While the bar is positioned between the mold 13 and the rollers 19A, 19B 
each of the segments 37 will be in their full outwardly rotated position 
relative to each other so that the abuting surfaces 50 of end pieces 40 
will engage the surfaces 70 and the abuting surfaces 63 of each end piece 
42 will engage the surface 55. Each of the segments will then be in its 
position shown in FIG. 4 in which case, the bar 11 will be self supporting 
between support points and conform to the arcuate casting path. As the 
result, only minimum support is required by the rollers 29A and 29B. 
As the bar 11 is moved toward the first drive assembly 90A, it will follow 
the arc described by the radius of the casting machine and move between 
the guide plates 122 of the first drive 90A. This will continue as the 
starting bar head 31 moves toward the drive rolls 19A and 19B. 

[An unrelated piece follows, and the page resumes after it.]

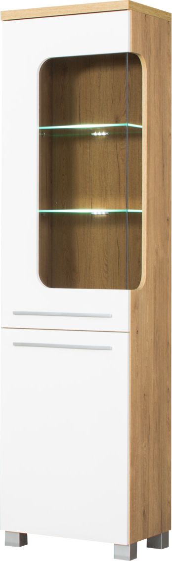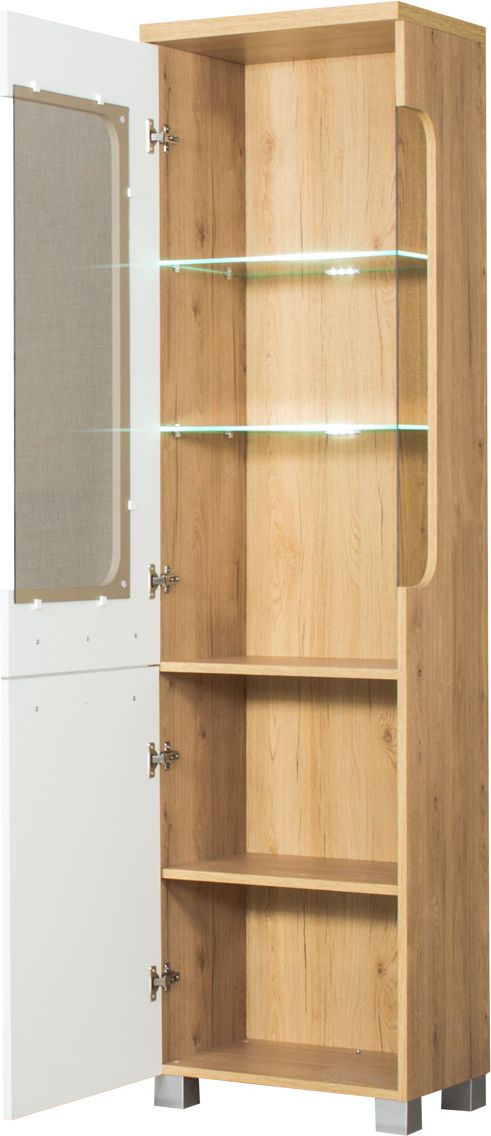 Witryna lewa z półkami LED (biały połysk/dąb Soma ciemny)

Just prior to the time when the head 31 is between the rollers 19A and 19B 
the cylinders 112 are each actuated to provide contact between rolls 94 
and 95 and the starter bar 11 so that the weight of the bar will now be 
controlled by the drive assemblies 90A, 90B. Meanwhile the juncture 
between the head 31 and the newly cast strand 16 will proceed through the 
withdrawal straightener assembly 18 until the head 31 passes the elevated 
roller 20A. A limit switch (not shown) is then activated by the starter 
bar 11 and in turn causes the hydraulic cylinder 22B from its broken line 
position in FIG. 13 downwardly to the point where roller 20A contacts the 
newly cast strand 16. When the roller 20A descends it shears the dowel 
pins 89 whereby the pin 85 separates from the head 31 and simultaneously, 
the strand 16 is straightened about the center line of roll 19B. The 
forward end of the strand passes on to the run out table 17 while the bar 
11 proceeds up through the drive assemblies 90A and 90B. Meanwhile, the 
drive assemblies 90A, 90B propel the starting bar 11 to its storage 
position shown in FIG. 1. Because the pivotal movement of the members 37 
are limited as shown in FIG. 6 by the engagement of the surfaces 48 and 54 
on end member 40 with the surfaces 67 and 62 on the end member 42 as shown 
in FIG. 6, the result is that the starting bar 11 is substantially self 
supporting in the stored position. 
When the starting bar 11 reaches the fully retracted position shown in FIG. 
1 a limit switch (not shown) is actuated by the starting bar 11 whereby 
hydraulic pressure of the cylinders 112 in both drive units 90A, 90B is 
increased to create a clamping force sufficient to hold a starting bar 
assembly in this stored position. When this preset pressure is reached, 
air cylinders (not shown) are activated to push locking pins (not shown) 
in place to hold the starting bar in this position.